*EXTRACTED RECORDS:*
↓

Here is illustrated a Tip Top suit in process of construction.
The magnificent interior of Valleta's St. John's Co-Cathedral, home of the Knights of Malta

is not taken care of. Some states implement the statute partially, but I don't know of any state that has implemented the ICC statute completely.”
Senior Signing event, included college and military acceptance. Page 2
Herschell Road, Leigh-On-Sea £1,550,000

↑
↓

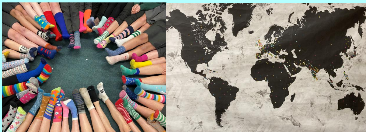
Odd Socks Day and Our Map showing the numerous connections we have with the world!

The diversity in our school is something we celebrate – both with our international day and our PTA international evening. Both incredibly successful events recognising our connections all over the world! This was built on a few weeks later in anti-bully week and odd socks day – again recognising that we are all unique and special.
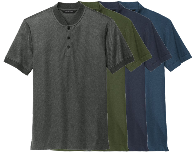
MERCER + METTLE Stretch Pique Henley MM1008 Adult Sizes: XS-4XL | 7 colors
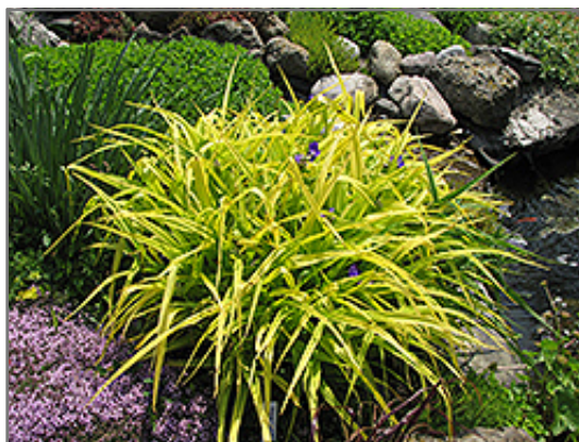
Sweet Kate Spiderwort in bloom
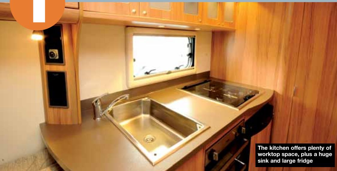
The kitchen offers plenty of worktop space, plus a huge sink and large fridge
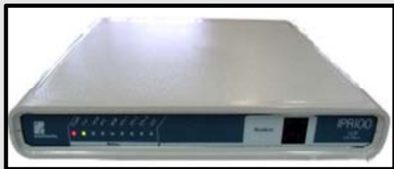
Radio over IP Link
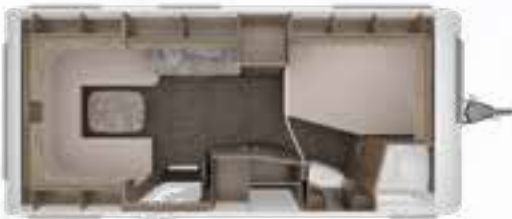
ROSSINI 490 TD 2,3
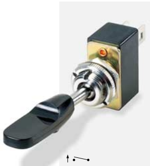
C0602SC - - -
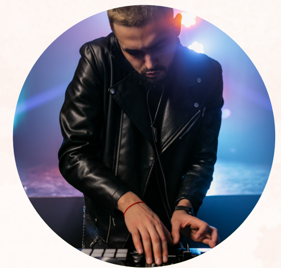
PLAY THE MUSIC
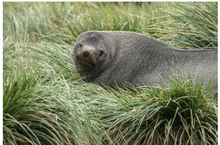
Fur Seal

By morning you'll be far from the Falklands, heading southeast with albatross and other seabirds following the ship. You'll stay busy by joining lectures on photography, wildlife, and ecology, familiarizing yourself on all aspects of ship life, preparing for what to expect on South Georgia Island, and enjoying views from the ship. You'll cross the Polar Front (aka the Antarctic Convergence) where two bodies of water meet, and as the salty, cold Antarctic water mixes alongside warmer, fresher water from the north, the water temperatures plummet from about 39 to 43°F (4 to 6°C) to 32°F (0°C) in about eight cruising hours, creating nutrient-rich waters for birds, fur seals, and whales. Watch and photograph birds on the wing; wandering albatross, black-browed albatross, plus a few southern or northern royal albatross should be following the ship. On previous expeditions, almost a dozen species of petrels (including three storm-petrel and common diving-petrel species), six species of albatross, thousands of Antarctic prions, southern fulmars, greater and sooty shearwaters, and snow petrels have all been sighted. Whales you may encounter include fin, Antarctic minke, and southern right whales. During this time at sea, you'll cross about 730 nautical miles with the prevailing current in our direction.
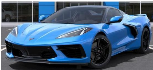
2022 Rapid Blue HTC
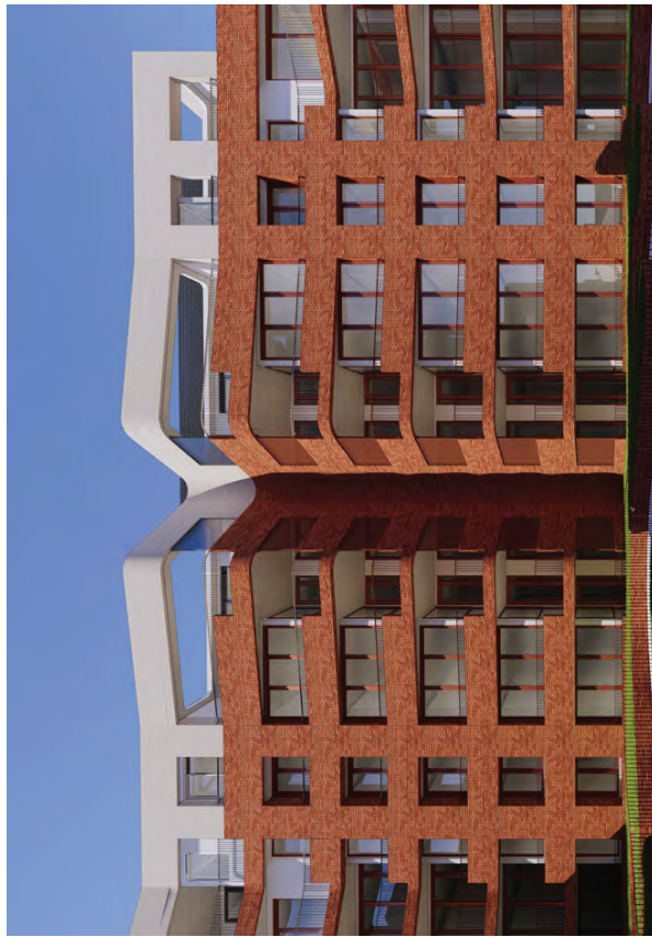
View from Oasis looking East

↑
↓

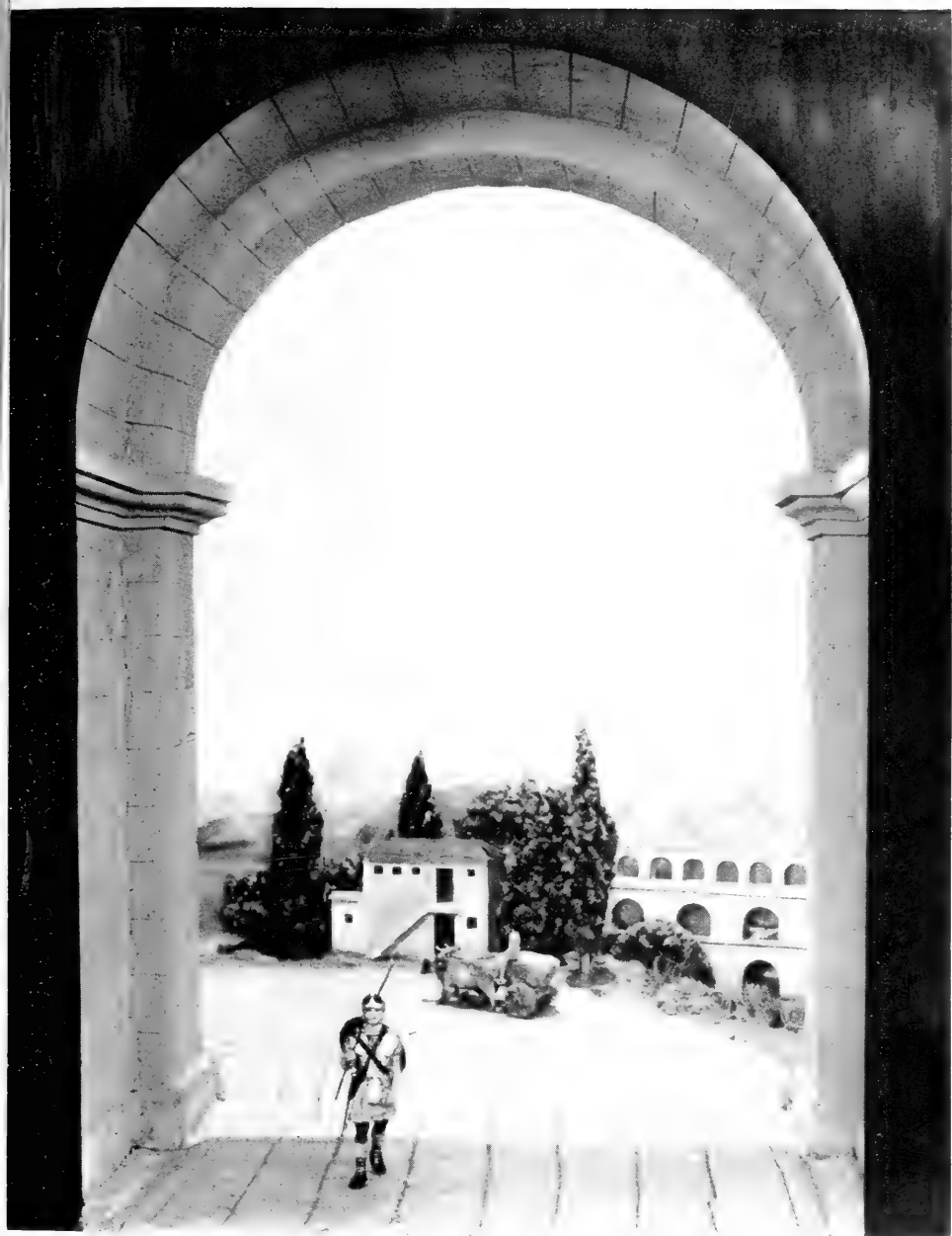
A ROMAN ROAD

↑

*EXERCISE INSTRUCTIONS:*
Out of the material above, gather each line where "that" appears.

*EXERCISE RESPONSE:*
is not taken care of. Some states implement the statute partially, but I don't know of any state that has implemented the ICC statute completely.”
The diversity in our school is something we celebrate – both with our international day and our PTA international evening. Both incredibly successful events recognising our connections all over the world! This was built on a few weeks later in anti-bully week and odd socks day – again recognising that we are all unique and special.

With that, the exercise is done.